--- Listed records Enclosed Below ---

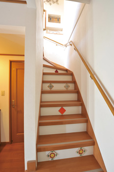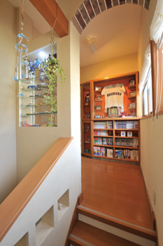 | これまでは押し入れの中にしまいこんでいたご主人の宝物が整然と並んだ踊り場。階段横にもニッチが設けられている | 階段の途中にも、奥さまセレクトのタイルが貼られ、独特の雰囲気が醸し出されている |
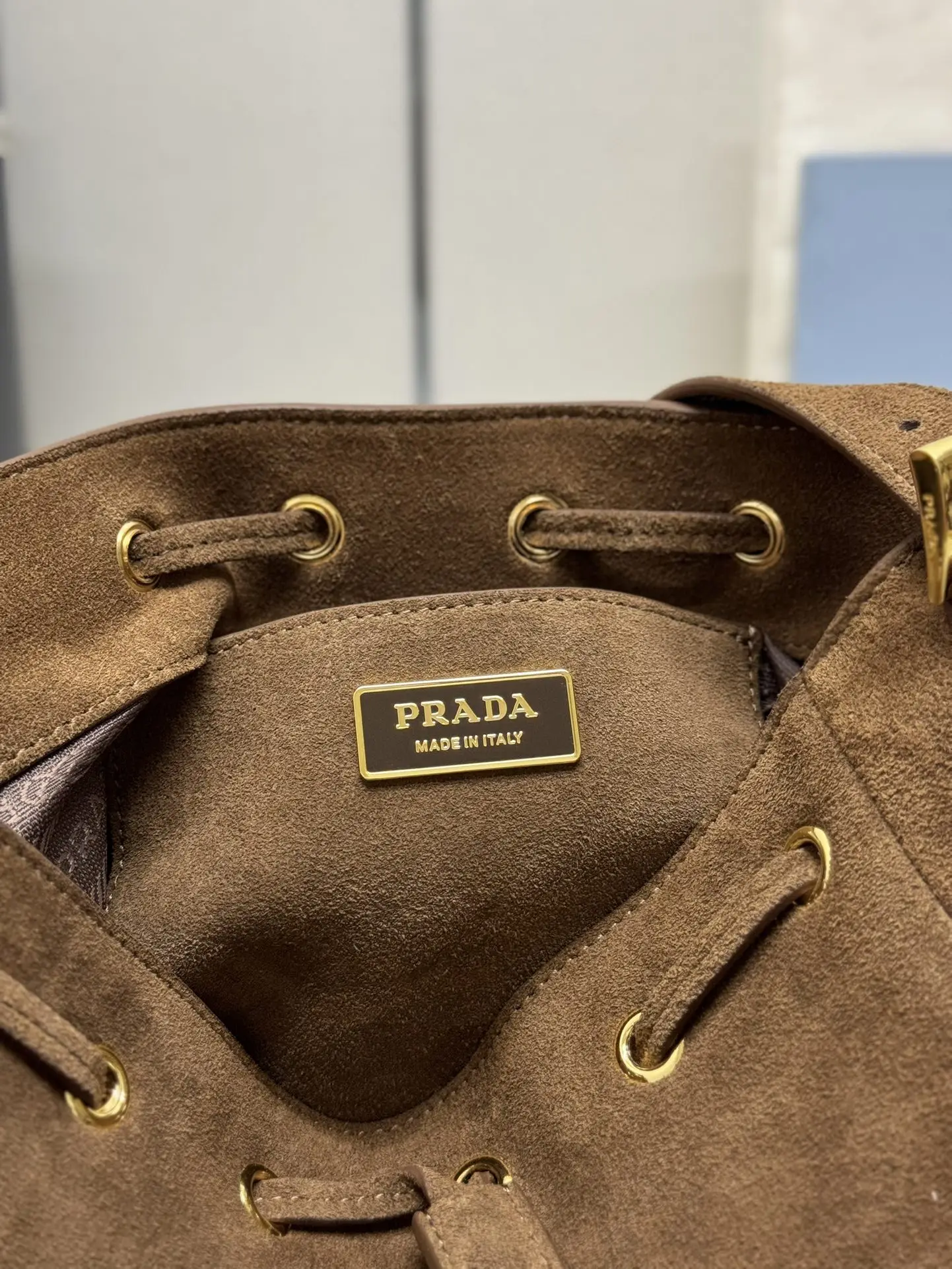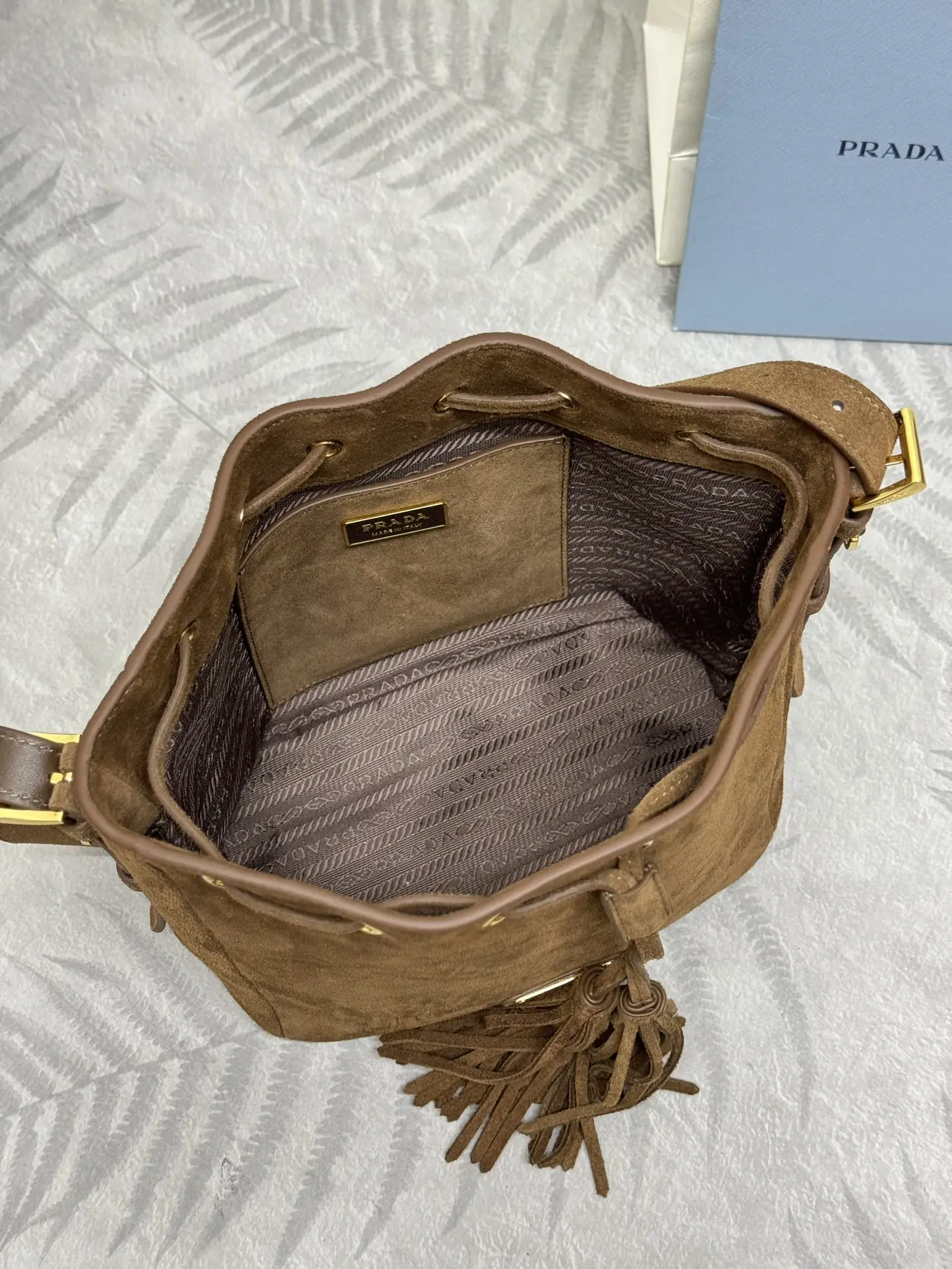 新款 磨砂皮 水桶包 麂皮到货啦绒面小牛皮材质 皮革提手 可拆卸可调节 金属刻字徽标 绒皮小流苏 顶部饰有皮革抽绳 内部有一个皮革口袋女神门赶紧入手
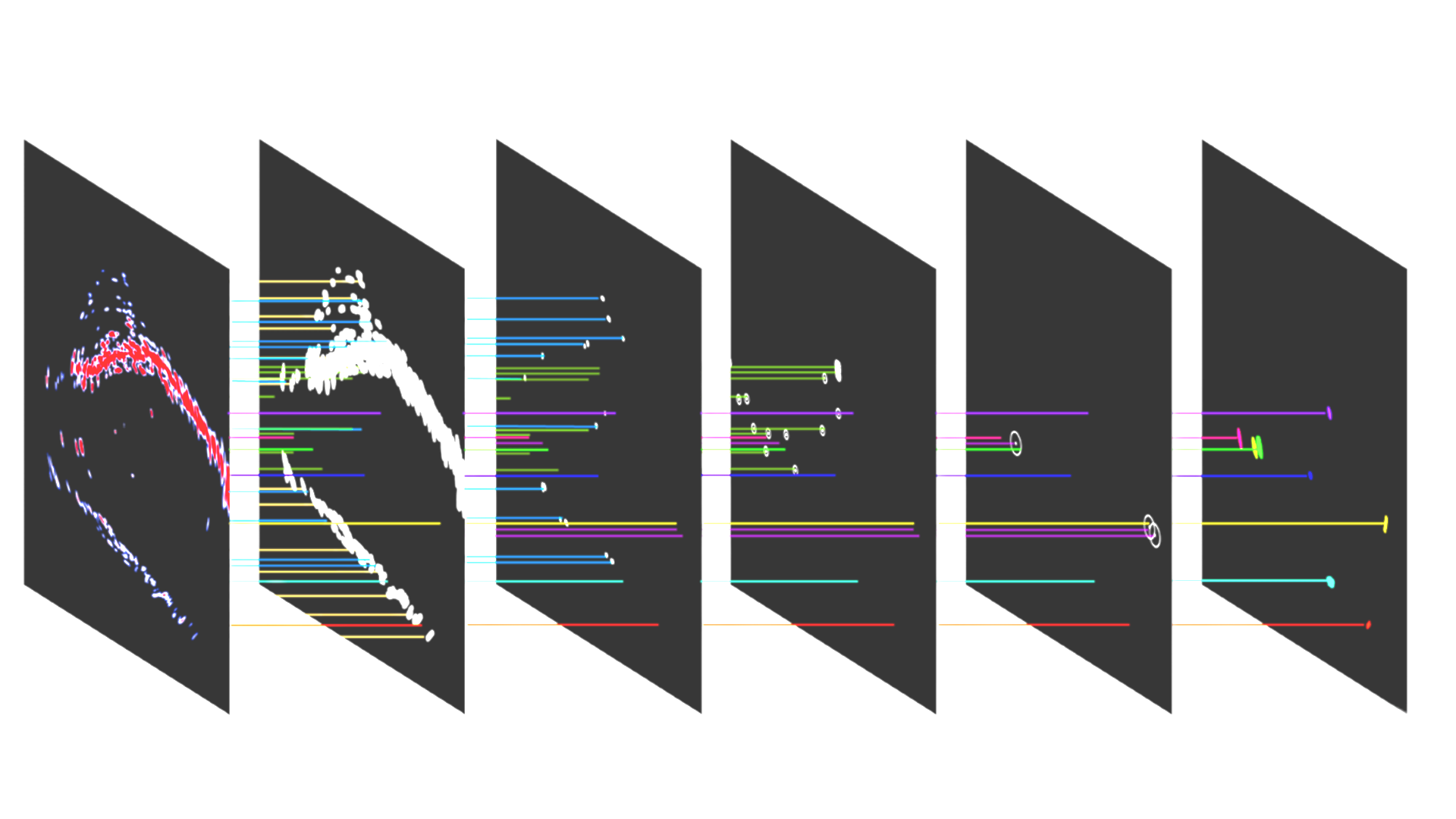 Raw Radar (left) and the stages of ProteusCore (right) detection, classification, and target tracking
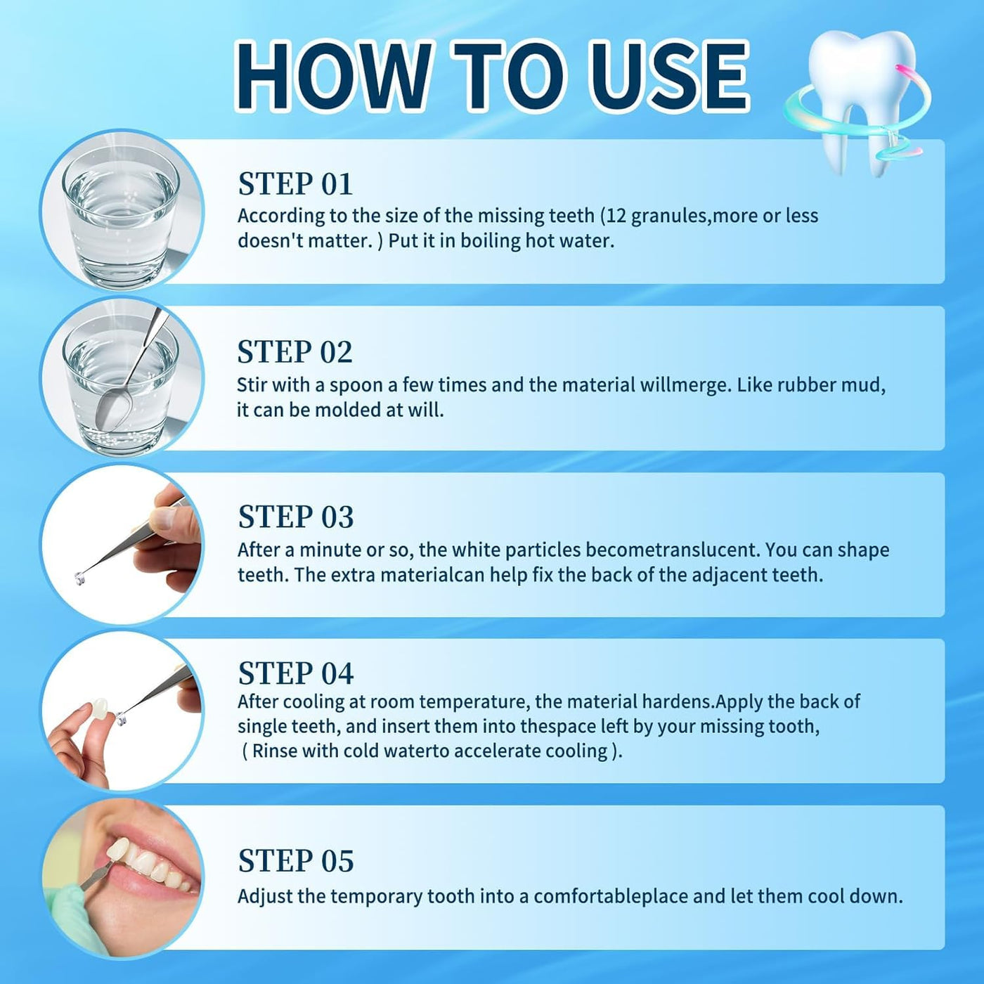 - Easy to use: By placing the beads into boiling water, they will soften quckly, allowing you to form a replacement tooth.
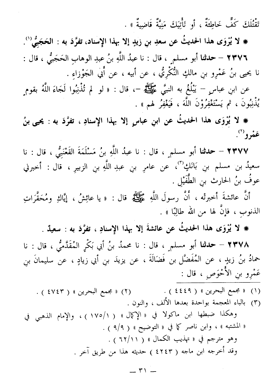 2377 - حَدَّثَنَا أَبُو مُسْلِمٍ قَالَ: نا عَبْدُ اللَّهِ بْنُ مَسْلَمَةَ الْقَعْنَبِيُّ قَالَ: نا سَعِيدُ بْنُ مُسْلِمِ بْنِ بَانَكٍ، عَنْ عَامِرِ بْنِ عَبْدِ اللَّهِ بْنِ الزُّبَيْرِ قَالَ: أَخْبَرَنِي عَوْفُ بْنُ الْحَارِثِ بْنِ الطُّفَيْلِ، أَنَّ عَائِشَةَ أَخْبَرَتْهُ، أَنَّ رَسُولَ اللَّهِ صَلَّى اللهُ عَلَيْهِ وَسَلَّمَ قَالَ: «يَا عَائِشُ، §إِيَّاكِ وَمُحَقَّرَاتِ الذُّنُوبِ، فَإِنَّ لَهَا مِنَ اللَّهِ طَالِبًا»
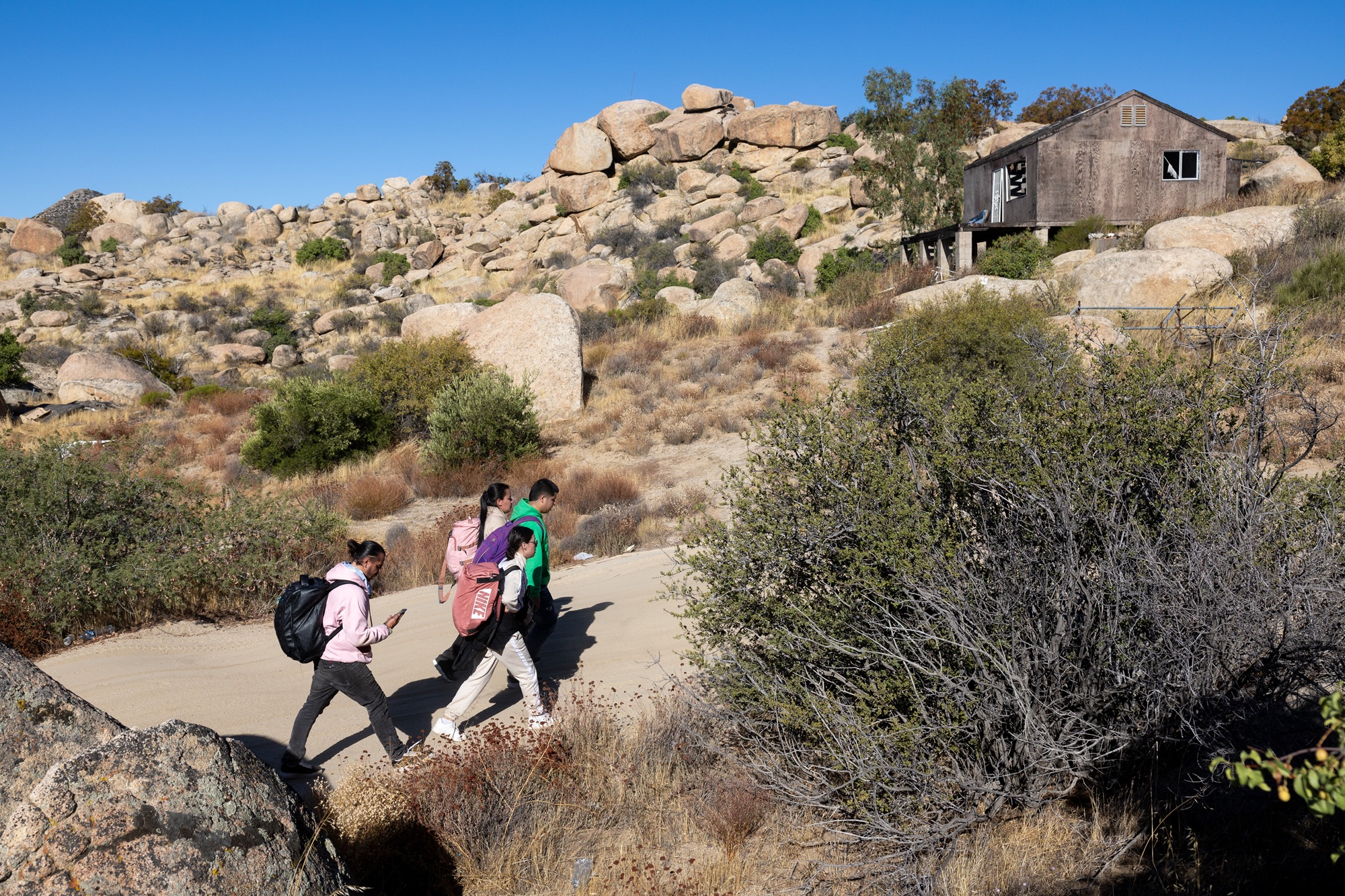 Colombian asylum-seekers walk through the desert after crossing the U.S.-Mexico border on Sept. 22, 2024, near Jacumba Hot Springs, California. (John Moore/Getty Images)
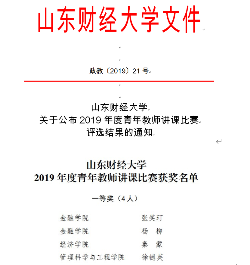 (通讯员 李霞)近日,免费成人影片 2019年度青年教师讲课比赛评选工作顺利结束,共推选出一等奖4名、二等奖5名、三等奖7名。我院张笑玎、杨柳两位老师获得一等奖,同时作为我校推荐选手参加山东省第七届“超星杯”高校青年教师教学比赛初赛。
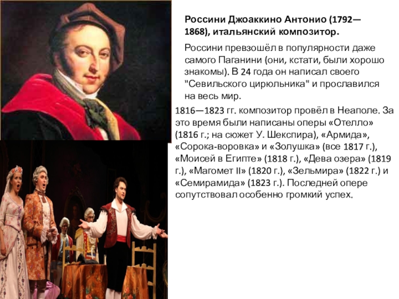 1816—1823 гг. композитор провёл в Неаполе. За это время были написаны оперы «Отелло» (1816 г.; на сюжет У. Шекспира), «Армида», «Сорока-воровка» и «Золушка» (все 1817 г.), «Моисей в Египте» (1818 г.), «Дева озера» (1819 г.), «Магомет II» (1820 г.), «Зельмира» (1822 г.) и «Семирамида» (1823 г.). Последней опере сопутствовал особенно громкий успех.
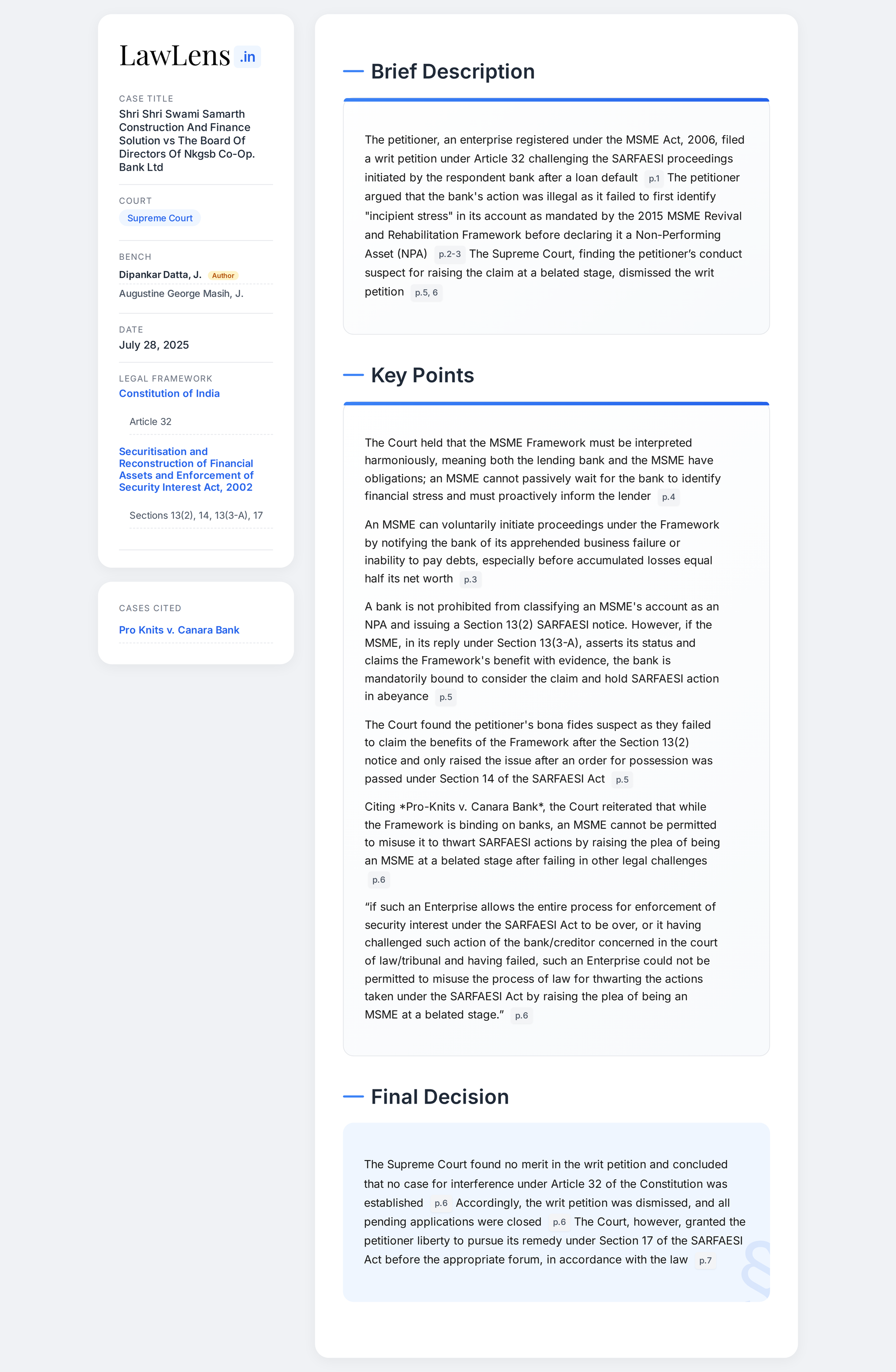 Shri Shri Swami Samarth Construction & Finance Solution vs Board of Directors of NKGSB Co-op. Bank Ltd. 2025 INSC 908 - SARFAESI Act - MSMED Act
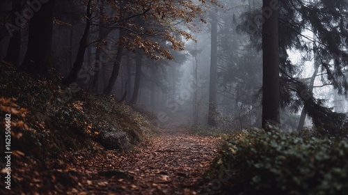 Fototapeta premium Moody Forest Path Covered in Autumn Leaves with Dense Fog and Tall Trees
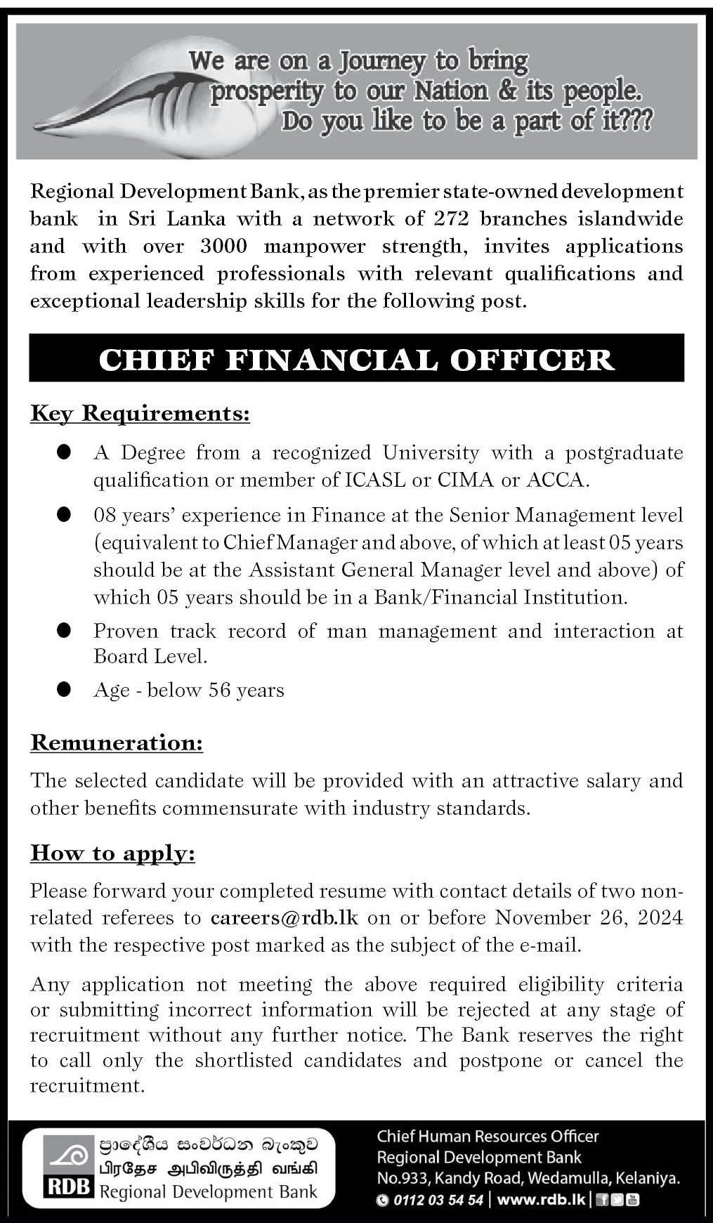 Chief Financial Officer - Regional Development Bank
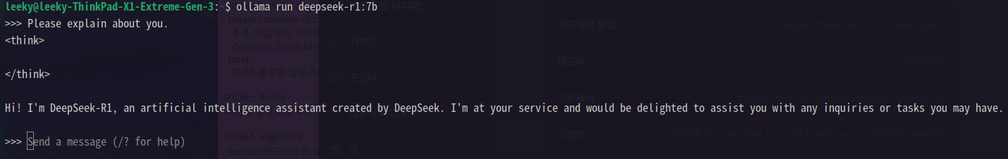 ollama를 통해 간단히 deepseek을 실행해 보면 7b 모델의 경우 신속하게 대답하는 편이다. 단, 한글은 지원되지 않는 것 같다.
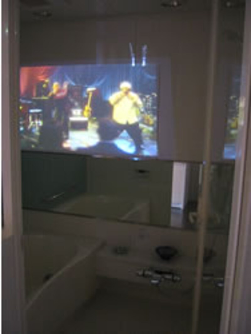 | このバスルームの壁面にも、ドラム式洗濯乾燥機上部に組込まれたプロジェクターから映像が投影され、入浴したまま映像を楽しむことができる。 この住戸モデルだけでも、合計4台の液晶プロジェクターが組込まれ、各部屋で様々な映像を楽しむことができる。 |
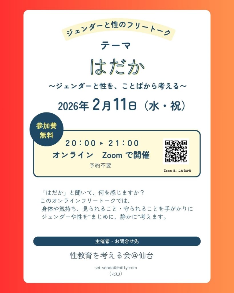 このオンラインフリートークでは、「裸=性的な話」をする場ではなく、ジェンダーや性をめぐる“感覚”や“社会のあり方”を、言葉にして考える時間をつくります。

--- End of Enclosed Listed records ---

§ **What you need to do**:
With the pictures excluded, the records are to be reproduced exactly.

§ **Exercise answer**:
 | これまでは押し入れの中にしまいこんでいたご主人の宝物が整然と並んだ踊り場。階段横にもニッチが設けられている | 階段の途中にも、奥さまセレクトのタイルが貼られ、独特の雰囲気が醸し出されている |
 新款 磨砂皮 水桶包 麂皮到货啦绒面小牛皮材质 皮革提手 可拆卸可调节 金属刻字徽标 绒皮小流苏 顶部饰有皮革抽绳 内部有一个皮革口袋女神门赶紧入手
 Raw Radar (left) and the stages of ProteusCore (right) detection, classification, and target tracking
 - Easy to use: By placing the beads into boiling water, they will soften quckly, allowing you to form a replacement tooth.
 2377 - حَدَّثَنَا أَبُو مُسْلِمٍ قَالَ: نا عَبْدُ اللَّهِ بْنُ مَسْلَمَةَ الْقَعْنَبِيُّ قَالَ: نا سَعِيدُ بْنُ مُسْلِمِ بْنِ بَانَكٍ، عَنْ عَامِرِ بْنِ عَبْدِ اللَّهِ بْنِ الزُّبَيْرِ قَالَ: أَخْبَرَنِي عَوْفُ بْنُ الْحَارِثِ بْنِ الطُّفَيْلِ، أَنَّ عَائِشَةَ أَخْبَرَتْهُ، أَنَّ رَسُولَ اللَّهِ صَلَّى اللهُ عَلَيْهِ وَسَلَّمَ قَالَ: «يَا عَائِشُ، §إِيَّاكِ وَمُحَقَّرَاتِ الذُّنُوبِ، فَإِنَّ لَهَا مِنَ اللَّهِ طَالِبًا»
 Colombian asylum-seekers walk through the desert after crossing the U.S.-Mexico border on Sept. 22, 2024, near Jacumba Hot Springs, California. (John Moore/Getty Images)
 (通讯员 李霞)近日,免费成人影片 2019年度青年教师讲课比赛评选工作顺利结束,共推选出一等奖4名、二等奖5名、三等奖7名。我院张笑玎、杨柳两位老师获得一等奖,同时作为我校推荐选手参加山东省第七届“超星杯”高校青年教师教学比赛初赛。
 1816—1823 гг. композитор провёл в Неаполе. За это время были написаны оперы «Отелло» (1816 г.; на сюжет У. Шекспира), «Армида», «Сорока-воровка» и «Золушка» (все 1817 г.), «Моисей в Египте» (1818 г.), «Дева озера» (1819 г.), «Магомет II» (1820 г.), «Зельмира» (1822 г.) и «Семирамида» (1823 г.). Последней опере сопутствовал особенно громкий успех.
 Shri Shri Swami Samarth Construction & Finance Solution vs Board of Directors of NKGSB Co-op. Bank Ltd. 2025 INSC 908 - SARFAESI Act - MSMED Act
 Fototapeta premium Moody Forest Path Covered in Autumn Leaves with Dense Fog and Tall Trees
 Chief Financial Officer - Regional Development Bank
 ollama를 통해 간단히 deepseek을 실행해 보면 7b 모델의 경우 신속하게 대답하는 편이다. 단, 한글은 지원되지 않는 것 같다.
 | このバスルームの壁面にも、ドラム式洗濯乾燥機上部に組込まれたプロジェクターから映像が投影され、入浴したまま映像を楽しむことができる。 この住戸モデルだけでも、合計4台の液晶プロジェクターが組込まれ、各部屋で様々な映像を楽しむことができる。 |
 このオンラインフリートークでは、「裸=性的な話」をする場ではなく、ジェンダーや性をめぐる“感覚”や“社会のあり方”を、言葉にして考える時間をつくります。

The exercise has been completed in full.